Sex-specific physiological, allocation and growth responses to water availability in the subdioecious plant Honckenya peploides.

The gender of dimorphic plant species is often affected by ecophysiological variables. Differences have been interpreted as a response of the sexes to meet specific resource demands associated with reproduction. This study investigated whether sex-specific variations in ecophysiological traits in response to water availability determine the performance of each sex in different habitats, and therefore promote extreme spatial segregation of the sexes in the subdioecious plant, Honckenya peploides. Twenty-seven plants of each sex were individually potted in dune sand and assigned randomly to one of three water treatments. Well-watered plants were watered daily to field capacity, whereas plants in the moderate and high-water stress treatments received 40% and 20%, respectively, of the water given to well-watered plants. Photochemical efficiency, leaf spectral properties and components of relative growth rate (leaf area ratio and net assimilation rate) were measured. Photochemical efficiencies integrated over time were higher in male than in female plants. Water deficit decreased maximum quantum yield in female plants more rapidly than in male plants, but female plants (unlike male plants) had recovered to initial values by the end of the experiment.

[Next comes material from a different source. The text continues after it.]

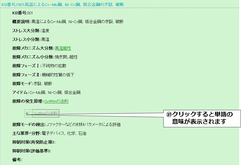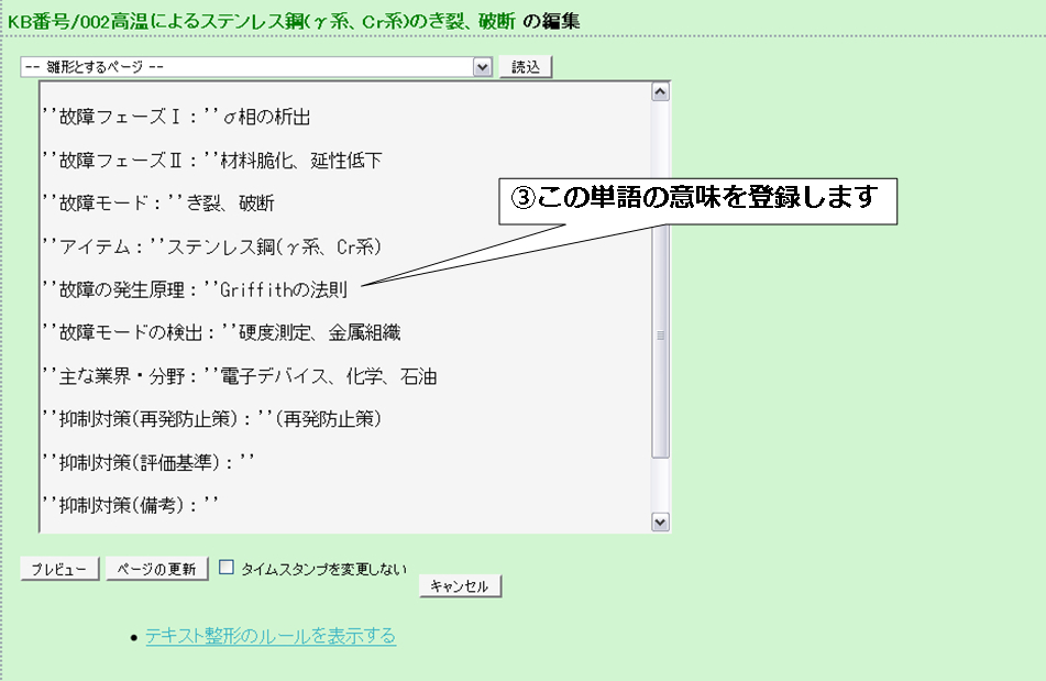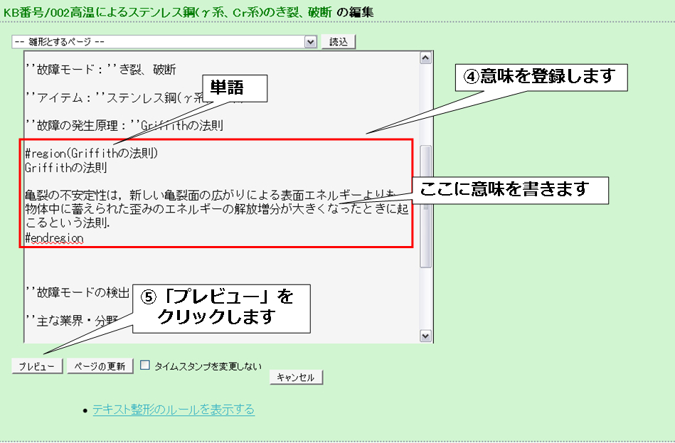 次に用語の意味を登録します。 ここでは「Griffithの法則」の意味を登録します。

Maximum quantum yield in male plants was more affected by water stress than in female plants, indicating that male plants were more susceptible to photoinhibition. The two sexes did not differ in growth rate, but male plants invested a higher proportion of their biomass in leaves, had a higher leaf area per unit biomass and lower net assimilation rate relative to female plants. Female plants had a higher water content and succulence than male plants. Differences in stomatal density between the sexes depended on water availability. The results suggest that the two sexes of H. peploides have different strategies for coping with water stress. The study also provides evidence of sex differences in allocation traits. We conclude that between-sex differences in ecophysiological and allocation traits may contribute to explain habitat-related between-sex differences in performance and, therefore, the spatial segregation of the sexes.